PROJECT SUMMARY The objective of this study is to engineer an artificial T cell-stimulating matrix (aTM) that presents antigen-specific and cell-specific biochemical and biophysical cues to control phenotype and improve functional profiles of T cells in a biomimetic context that captures key biochemical and biophysical features of the lymph node (LN). LN provides the critical microenvironment that orchestrates the presentation format and dynamics of the antigen-specific signals in a precise and controlled manner that leads to T cell activation, expansion, and maturation.

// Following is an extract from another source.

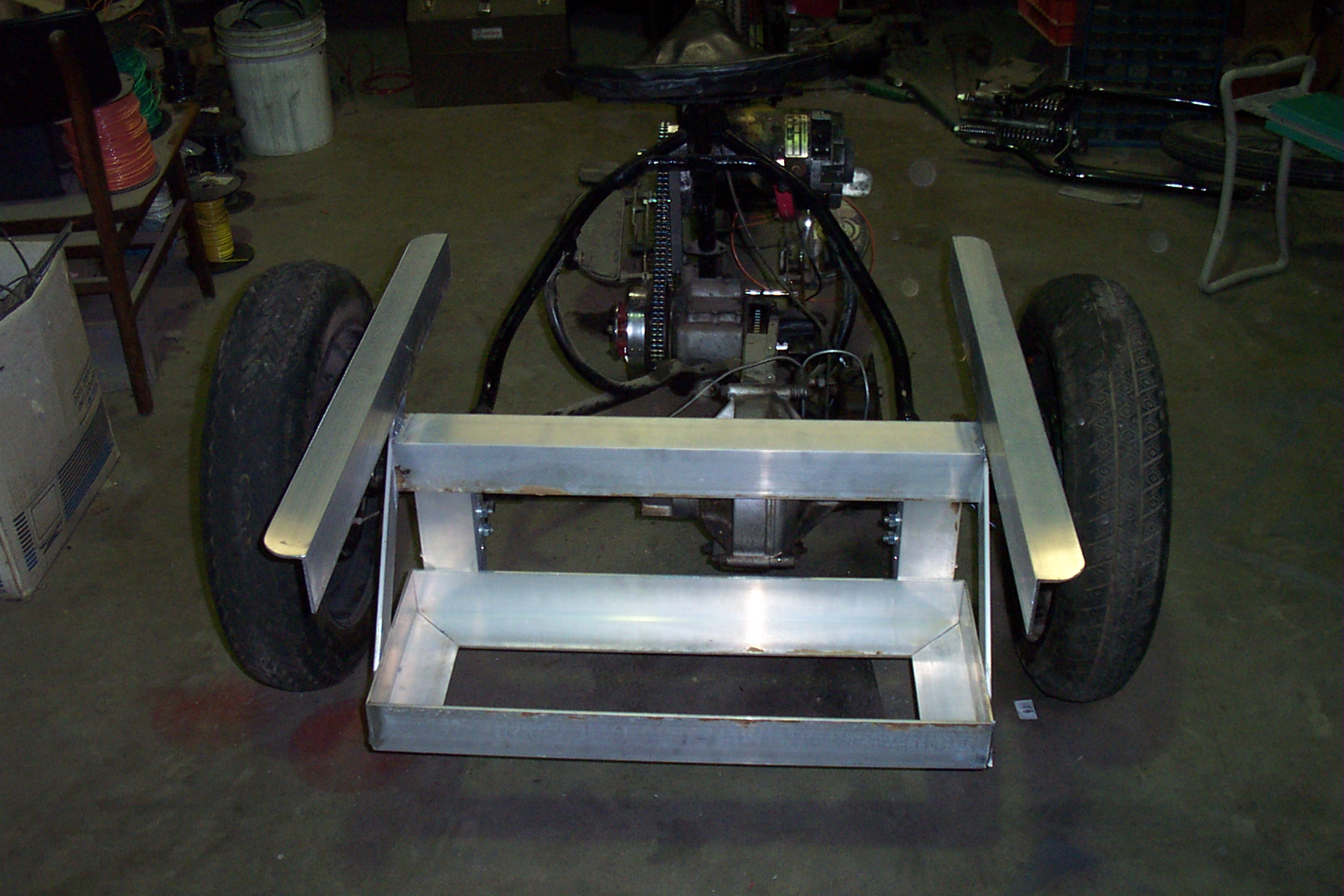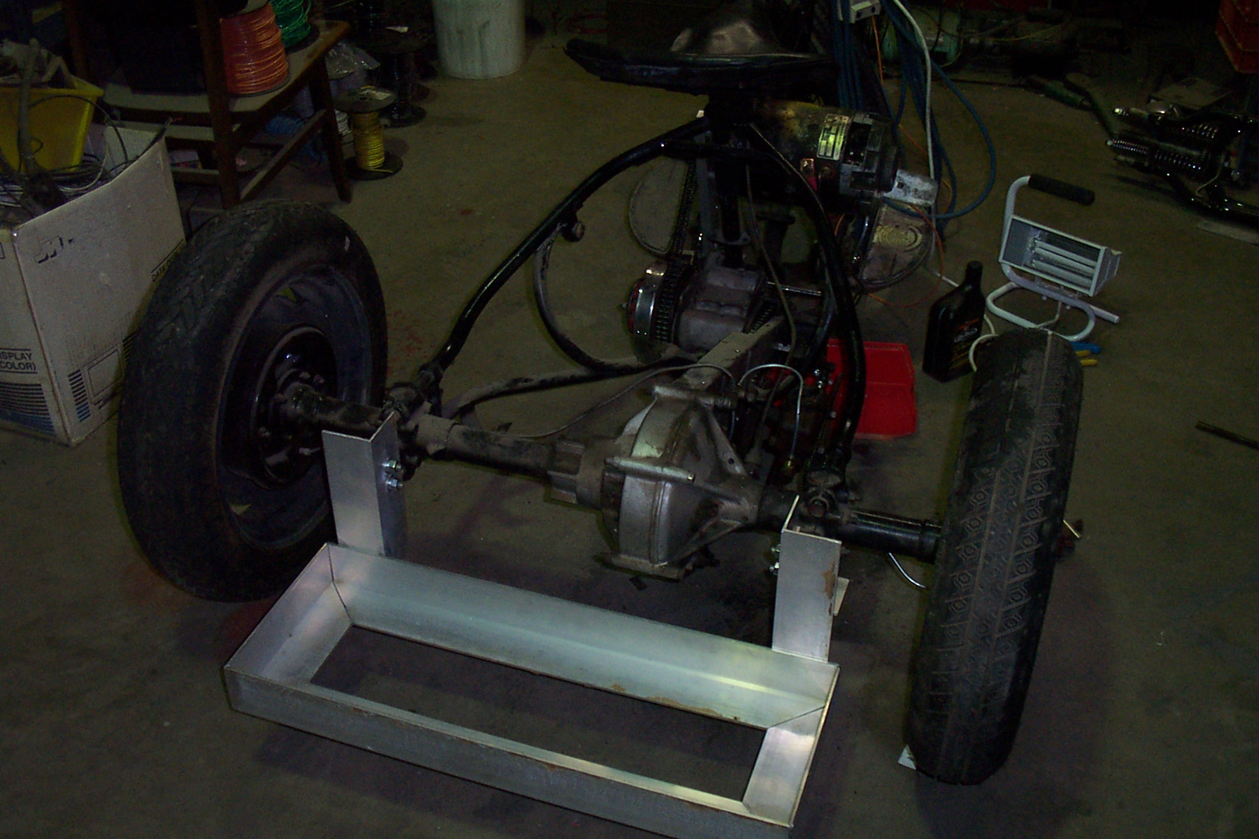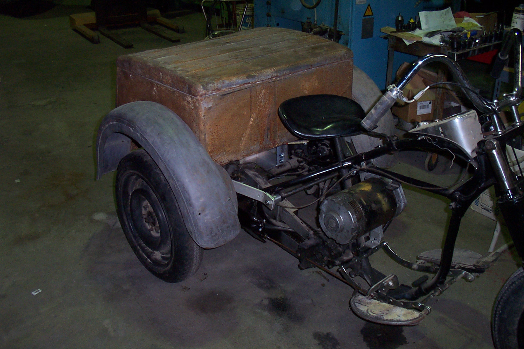 This picture shows the box set on the framework as it is expected to end up. I don't have any skills in bodywork so will have to try to find a body shop to assist in repairing the box next. In the mean time I can begin the planning on the wiring. |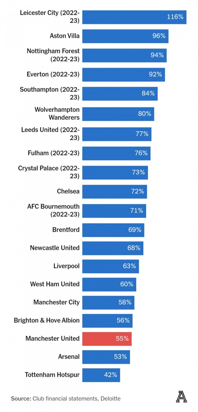 事實(shí)上,曼聯(lián)的工資收入比非常健康,是英超中工資占收入比例最低的俱樂部之一,多年來一直如此(如下圖)。問題在于,曼聯(lián)最好的球員、高薪的球員經(jīng)常上不了場(chǎng)。以盧克-肖為例,據(jù)匿名消息人士透露,這名球員在2023年4月同意續(xù)約4年,周薪約20萬鎊,還有額外獎(jiǎng)金。與其他曼聯(lián)球員一樣,如果球隊(duì)無緣歐冠,待遇會(huì)降低,但據(jù)說減薪幅度低于球隊(duì)標(biāo)準(zhǔn)的25%。

Currently available T cell stimulating matrices while carrying the antigen-presentation complexes and co-stimulating cues, however, lacks adequate supporting cues inherent to the T cell stimulating microenvironment in the LN. We will design and characterize an aTM that integrates the three key T-cell stimulating signals: antigen-specific (Signal 1), co-stimulatory (Signal 2), and cytokines (Signal 3), together with extracellular matrix (ECM) molecules and tunable biophysical properties inspired by the properties of both antigen-presenting cells (APCs) and the LN. We will test the hypothesis that co-presenting the APC signal cues in such a biomimetic context during T cell stimulation will result in functional T cells with controlled phenotypic profiles and potency. and mechanism revealing how all signaling cues synergize to active and polarize T cells. In Specific Aim 1, we will determine key matrix properties of the aTM that mediate robust CD8+ T cell activation using aTMs prepared from hyaluronic acid (HA) hydrogel and HA-nanofiber composite (NHC) matrix. In Specific Aim 2, we will define optimal signaling cues and their presentation configuration that influence CD4+ T cell activation and polarization on aTM; and demonstrate persistence and functions of aTM-stimulated and adoptively transferred antigen-specific CD4+ T cells. In Specific Aim 3, we will use aTM microparticles to co-stimulate CD8+ and CD4+ T cells and evaluate therapeutic benefits of a combination treatment with CD4+ and CD8+ T cells in a cancer immunotherapy mouse model. If successful, this study will result in the first set of engineered aTM that delivers robust stimulation of antigen-specific CD8+ and CD4+ T cells that promise improved therapeutic outcomes; and further enrich our understandings of design principles and mechanism of signaling cues in stimulation, polarization, and activation of T cells.

项目概要 本研究的目的是设计一种能够呈现抗原特异性的人工 T 细胞刺激基质 (aTM) 以及细胞特异性生化和生物物理线索，以控制表型并改善 T 细胞的功能特征 仿生环境捕获淋巴结 (LN) 的关键生化和生物物理特征。 LN 提供 关键的微环境，协调抗原特异性信号的呈现格式和动态 精确且受控的方式导致 T 细胞激活、扩增和成熟。目前可用的T细胞 然而，在携带抗原呈递复合物和共刺激线索的同时刺激基质，缺乏 LN 中 T 细胞刺激微环境固有的足够的支持线索。我们将设计和 表征集成了三个关键 T 细胞刺激信号的 aTM：抗原特异性（信号 1）、共刺激 （信号 2）和细胞因子（信号 3），以及细胞外基质 (ECM) 分子和可调节的生物物理学 其特性受到抗原呈递细胞 (APC) 和 LN 特性的启发。我们将检验假设 在 T 细胞刺激期间，在这种仿生环境中共同呈现 APC 信号线索将导致功能性 具有受控表型特征和效力的 T 细胞。以及揭示所有信号线索如何协同作用的机制 激活并极化 T 细胞。在具体目标 1 中，我们将确定调节鲁棒性的 aTM 的关键矩阵属性 使用透明质酸 (HA) 水凝胶和 HA-纳米纤维复合材料 (NHC) 制备的 aTM 激活 CD8+ T 细胞 矩阵。在具体目标 2 中，我们将定义最佳信号提示及其影响的呈现配置 aTM 上 CD4+ T 细胞的激活和极化；并展示aTM刺激和的持久性和功能 过继转移的抗原特异性 CD4+ T 细胞。在Specific Aim 3中，我们将使用aTM微粒来共同刺激 CD8+ 和 CD4+ T 细胞，并评估 CD4+ 和 CD8+ T 细胞联合治疗的治疗效果 癌症免疫治疗小鼠模型。如果成功，这项研究将产生第一套工程 aTM 强烈刺激抗原特异性 CD8+ 和 CD4+ T 细胞，有望改善治疗效果； 进一步丰富我们对刺激、极化、 和 T 细胞的激活。